To bypass reliance on imports, governments fund basic research into substituting imported critical raw materials across defence, technology, and manufacturing applications with accessible materials. However, depressed economic conditions ensure only minimal resources redirected from immediate needs, and the lack of international collaboration causes duplication of effort. Technology advancements slow below their potential, handicapping industrial development.

Winners and Losers

Winners

Industry

  • Risk-averse, internally well-capitalized mining companies (sometimes with government backing) willing to invest in rich countries and vertically integrating (or willing to provide specialized services in the form of infrastructure investments or processing plants).
  • Companies with capacity to leverage advanced exploration and mining techniques.
  • Domestic mining and processing companies that align interests with ruling regimes.
  • Black market smugglers and illegal mining networks dealing in materials scarce in domestic markets.

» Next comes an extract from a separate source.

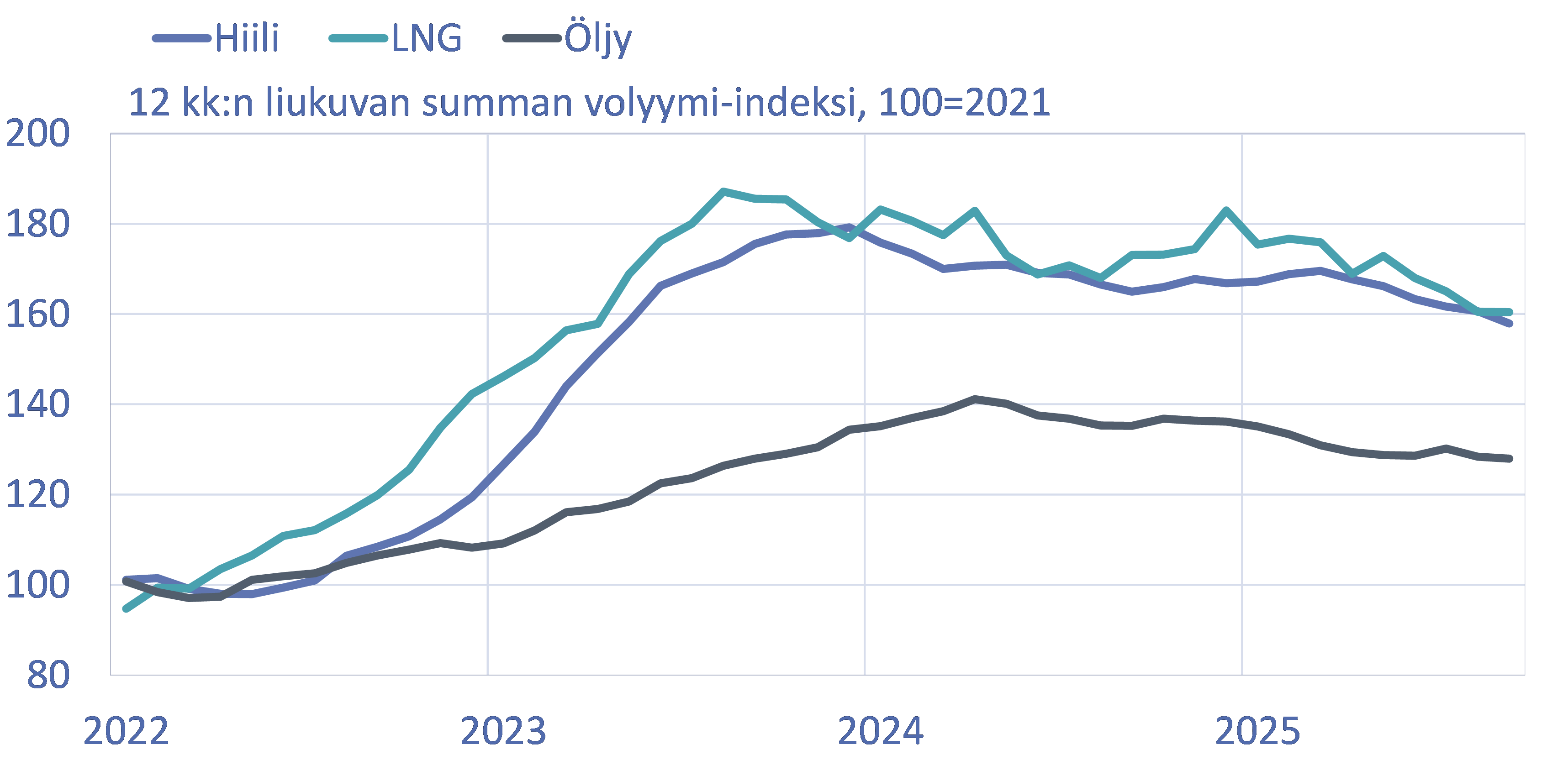 Venäjän tavaravienti Kiinaan (peilitilastojen pohjalta) oli tammi-syyskuussa 89 mrd. dollaria eli 7 % vähemmän kuin vuotta aiemmin. Viennin väheneminen heijastaa osin raaka-aineiden hintakehitystä, mutta myös monien keskeisten tavaroiden vientimäärät ovat kääntyneet laskuun. Tammi-syyskuussa Kiinan kivihiilen tuonnin määrä Venäjältä supistui 7 %, raakaöljyn 8 % ja nesteytetyn maakaasun (LNG) 17 % vuotta aiemmasta.

Regions, Organizations, and others

  • Resource-rich countries (short-term).
  • National/Regional financial institutions with very focused and specialised investment goals.
  • Authoritarian regimes and nationalist extremists who exploit economic turmoil and social unrest to expand their power.
  • Powerful countries with large domestic markets, resources, and advanced technologies to pursue self-sufficiency.
  • Private military contractors and security firms that profit from conflicts and instability.

Losers

Industry

  • Mining companies operating in countries with an export ban (short-term).
  • Foreign investors who invested in a country prior to the rise of resource nationalism and introduction of export bans and tariffs.
  • Tourism.
  • Most mining and materials companies with limited internal capital and/or inflexible business strategies unable to operate profitably amid volatile conditions.

    Regions, Organizations, and others

    • Countries lacking resources or capabilities that can approximate self-sufficiency.
    • Countries heavily reliant on trade and global supply chains for economic growth.
    • Citizens and local communities impacted by concentrated environmental damage and pollution.
    • Marginalised ethnic groups scapegoated for economic troubles.
    • International institutions, NGOs, human rights, and environmental activists.
    • General public enduring restrictions, shortages, inflation, and depressed real standards of living.
  • Protagonists

    • Technology companies.
    • Authoritarian and nationalist governments.
    • Powerful, state-owned raw materials producers.
    • Black market networks.
    • Security services and military forces.
    • Insurgent groups and extremist organisations.

    Disruptions

    Geopolitical

    • Collapse in rule of law, allowing criminal networks to overwhelm state authorities, and collapse of residual capital flow.
    • Radical extremist factions overthrowing nationalist governments.
    • Emergence of more liberal internationalist successor generations within closed regimes.
    • Significant disruption in major powers leading to external geopolitical realignments.
    • Transnational activist cyber-attack crumpling industrial systems infrastructure.

    Economic

    • Breakthroughs in renewable energy, batteries or carbon capture lowering demand/prices for mined commodities.
    • Revolution in materials science lowering needs for contested rare-earth minerals.
    • Unforeseen technology innovations (AI, synthetic biology, clean fusion, etc.) disrupting production.

    Social

    • Mass organised labour strikes or middle-class protests within authoritarian countries.
    • Ethnic insurgencies or civil wars inside resource-rich failed states.
    • Global pandemic or food system crisis exacerbating migration and instability.

    Environmental

    • Watershed ecological/climate disaster events spurring emergency cooperation.